At many points in our lives, we all experience varying levels of anxiety. You might feel worried about a hard test coming up, nervous about giving a speech in public, or anxious about paying your bills on time. While feeling anxious is uncomfortable for everyone, anxiety itself is not necessarily a bad thing. The experience of anxiety is a biological reaction meant to protect us from perceived signs of danger. When functioning as intended, anxiety can help us stay safe. For example, if you are driving in a busy intersection, feeling anxious can tell you to be cautious and help you to avoid getting in an accident.
However, anxiety does not always function as intended. For some people who are vulnerable to stress, their bodies can be overreactive to situations that aren’t actually threatening their safety. For these people, nervous feelings and heightened levels of anxiety can be triggered by small, even innocuous events. As a result, people with a predisposition to anxiety often experience symptoms of anxiety significantly more than their peers and it can impair their ability to function in day-to-day life. If the symptoms are persistent, excessive, and often occur in response to situations that aren’t dangerous, it could be considered an anxiety disorder.
Think of it like a fire alarm. Fire alarms go off when they sense smoke in the building. This is a response to a very real threat, fire! But sometimes fire alarms might be extra sensitive, going off simply because of steam emitted from a boiling pot of pasta. This isn’t the real threat of fire that the alarm is trained to detect, but it goes off anyway.
Our body’s alarm system, anxiety, is often triggered in two parts. The first alarm tells you when something bad might be about to happen. To do this, your body triggers nervous emotions and physical feelings that remind you to be cautious and vigilant. The second alarm goes off when the bad thing actually happens. It triggers you to take immediate action in escaping the threatening situation.
For some people, these alarms are triggered when there are real threats.

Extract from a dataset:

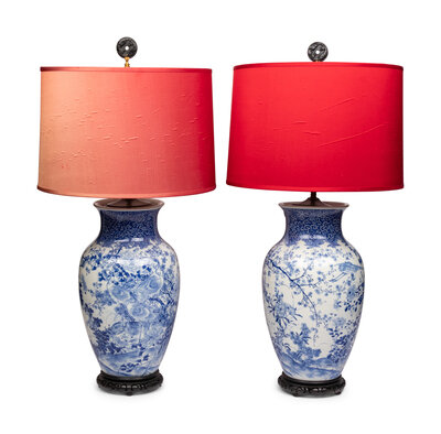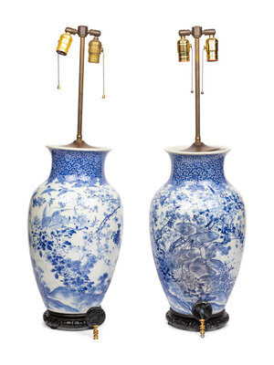 A Pair of Japanese Porcelain Vases Mounted as Lamps

For those who struggle with anxiety, the alarm system will be more sensitive, like the fire alarm that reacts to steam from a pot of boiling pasta. In this case, the alarm system can be triggered by non-threatening situations, but the feelings of anxiety remains as intense as if there were a real-life threat. For anxious people and kids, the alarm system will be triggered by these false alarms more often. So, it’s important to help ourselves and our kids identify when an alarm is true or false. A primary goal of anxiety treatment will be to help children identify which alarms are false and how to reduce the frequency of these false alarms.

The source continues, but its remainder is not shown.